Important: Coredumps capture the crash symptom, not necessarily the root cause. A common pattern in GPU workloads: a data race silently corrupts memory during normal operation, and the corruption only manifests as a crash much later (e.g., during exit cleanup). If the crash is non-deterministic (e.g., ~2% repro rate), suspect a data race or thread-safety bug — the coredump shows where the corrupted data was read, but the write that caused corruption happened earlier. ASAN/TSAN may be needed to find the actual root cause.
Before diving into GDB, establish the repro rate:
dmesg, rocm-smi, and system logs first.apt install gdb)/opt/venv/bin/python3)gdb -batch \
-ex "set pagination off" \
-ex "set print frame-arguments all" \
-ex "bt full" \
-ex "info threads" \
-ex "thread apply all bt" \
/opt/venv/bin/python3 <corefile> 2>&1 | head -2000 > /tmp/gdb_bt.txt
Coredumps from GPU workloads are large (50-100GB). GDB load time can be 1-3 minutes; allow sufficient time before assuming it is stuck.
Search the GDB output for:
Program terminated with signal SIGSEGV, Segmentation fault.
#0 <function> at <file>:<line>
If frame #0 is syscall() and frame #1 is SignalHandler, the crash was caught by LLVM's signal handler which re-raised it. The real crash is at frame #2 (<signal handler called>) and above.
gdb -batch \
-ex "frame 2" -ex "info registers" \
-ex "frame 3" -ex "x/10i \$rip-20" -ex "x/5i \$rip" \
/opt/venv/bin/python3 <corefile> 2>&1 | tail -60
Key things to look for:
rip: the instruction pointer at crash time0x73a330f14c3e (not 8-byte aligned) indicate use-after-free or corruptionrdi=0x0 or similar in a mov instruction operand=> 0xADDR: mov offset(%rax),%rdi: the exact memory access that faultedgdb -batch \
-ex "frame N" -ex "info locals" -ex "info args" \
/opt/venv/bin/python3 <corefile>
Repeat for each interesting frame in the crash chain. Focus on:
rocprofiler-sdk, CLR (libamdhip64), HSA runtime, RCCL, hipBLASLt??() (stripped symbols)From the backtrace, construct a table mapping each frame to its component. Example (actual frames will vary):
| Frame | Function | Source File | Component |
|---|---|---|---|
| #0 | syscall() | libc | Signal delivery |
| #1 | SignalHandler(Sig=11) | LLVM | Signal re-raise |
| #2 | <signal handler called> | - | - |
| #3 | ??() from libsomething.so | unknown | Crash origin |
| ... | ... | ... | ... |
The specific frames depend on the crash. The goal is to identify which component owns each frame.
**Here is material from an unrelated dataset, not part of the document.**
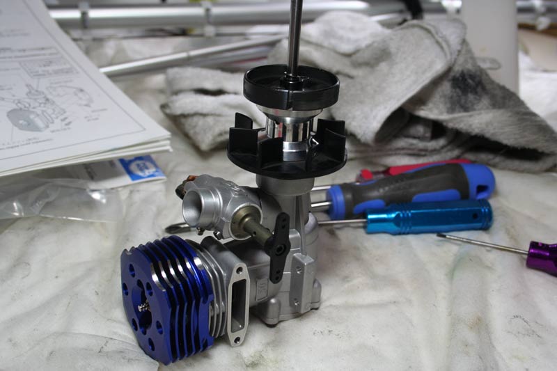 フライホイールの締め付けに際しては軸が共回りしてしまうので少々難儀ですが、クランクシャフトクランプが手元にないので液体ロックでがんばります。プラグを締め、キャブを全閉にし、ピストンを下死点の状態にします。そして排気口から燃料やオイルなどの液体を注ぎ込みシリンダー内を満たします。今回は油汚れ がいやだったこともありメタノールを満たしてロックさせました。空気と違い圧縮がかからず勢いさえ付ければ十分に締め付け可能です。こうして無事フライホイールとクーリングファンをセット。その後クラッチを取り付け機体に仮組みしておきました。

Exit-time crashes — look for frames like:
__run_exit_handlers / __GI_exit → static destructor / atexit handler~ClassName) → object cleanuphipModuleUnload / hsa_executable_destroy → GPU resource teardownExit-time crashes in GPU workloads are often caused by data races during runtime that corrupt state silently. The corruption only crashes when cleanup code traverses the corrupted data.
Runtime crashes — look for frames like:
executable_freeze, hipModuleLoad)Key question: Is this crash the cause or the symptom? If non-deterministic, the coredump likely shows the symptom; the cause is an earlier unsynchronized write.
Run info threads in GDB and check:
Collect the git hash and version for every component in the crash chain so you can clone the exact code that produced the crashing binary.
Key components to inventory (examples — discover the full list from the container):
jax, jaxlib, jax-rocm*-plugin, jax-rocm*-pjrt, maxtext, transformer-engine, etc. Check pip list, pip show, and embedded version.py / commit_info.py files for git hashes.rocprofiler-sdk, hip-runtime-amd, hsa-rocr, rccl, hipblaslt, rocblas, miopen-hip, etc. Use dpkg -l and /opt/rocm*/.info/version./opt/, /workspace/) for .git directories and record each repo's HEAD commit and branch.Record which repos are present (can read source directly) vs. absent (need cloning).
Map each frame in the crash chain to a source repo. The "Typical Path" column shows example paths from the standard maxtext-slurm container; adjust to match your environment.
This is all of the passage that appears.